Exercise instructions = Using the material below, print the line that contains "Los restos de", the line that contains "Каталог запасных частей", and every line in between, exactly and nothing else.

Provided data =
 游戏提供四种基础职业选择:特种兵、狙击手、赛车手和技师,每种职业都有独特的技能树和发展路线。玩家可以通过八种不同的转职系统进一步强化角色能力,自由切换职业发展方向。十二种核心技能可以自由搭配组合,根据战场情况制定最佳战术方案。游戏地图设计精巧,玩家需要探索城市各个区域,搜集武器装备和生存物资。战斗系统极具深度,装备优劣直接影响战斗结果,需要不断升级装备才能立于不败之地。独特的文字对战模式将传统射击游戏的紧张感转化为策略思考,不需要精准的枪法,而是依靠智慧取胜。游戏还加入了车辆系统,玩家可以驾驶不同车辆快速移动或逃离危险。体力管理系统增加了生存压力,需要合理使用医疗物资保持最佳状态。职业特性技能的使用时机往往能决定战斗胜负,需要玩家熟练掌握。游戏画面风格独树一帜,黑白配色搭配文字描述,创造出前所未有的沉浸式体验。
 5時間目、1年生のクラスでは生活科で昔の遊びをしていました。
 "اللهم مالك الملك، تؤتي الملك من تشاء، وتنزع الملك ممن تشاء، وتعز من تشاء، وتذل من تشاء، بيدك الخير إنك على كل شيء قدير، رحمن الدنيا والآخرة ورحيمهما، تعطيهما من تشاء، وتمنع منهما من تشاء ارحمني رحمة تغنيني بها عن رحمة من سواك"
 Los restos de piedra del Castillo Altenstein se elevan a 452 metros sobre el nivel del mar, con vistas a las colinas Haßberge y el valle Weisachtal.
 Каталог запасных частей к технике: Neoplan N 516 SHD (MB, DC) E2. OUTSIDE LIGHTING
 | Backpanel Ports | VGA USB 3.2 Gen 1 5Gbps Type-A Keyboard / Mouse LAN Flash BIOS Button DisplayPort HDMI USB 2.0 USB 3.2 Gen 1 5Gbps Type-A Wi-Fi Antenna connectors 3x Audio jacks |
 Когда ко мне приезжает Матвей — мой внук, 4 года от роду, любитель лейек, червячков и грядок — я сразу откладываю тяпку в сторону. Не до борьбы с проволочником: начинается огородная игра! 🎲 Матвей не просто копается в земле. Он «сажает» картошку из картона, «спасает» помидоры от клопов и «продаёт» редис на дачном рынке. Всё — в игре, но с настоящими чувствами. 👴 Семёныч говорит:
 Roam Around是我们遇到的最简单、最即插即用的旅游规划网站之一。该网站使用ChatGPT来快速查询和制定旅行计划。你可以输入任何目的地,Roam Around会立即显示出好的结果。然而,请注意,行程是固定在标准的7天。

Result of this task =
 Los restos de piedra del Castillo Altenstein se elevan a 452 metros sobre el nivel del mar, con vistas a las colinas Haßberge y el valle Weisachtal.
 Каталог запасных частей к технике: Neoplan N 516 SHD (MB, DC) E2. OUTSIDE LIGHTING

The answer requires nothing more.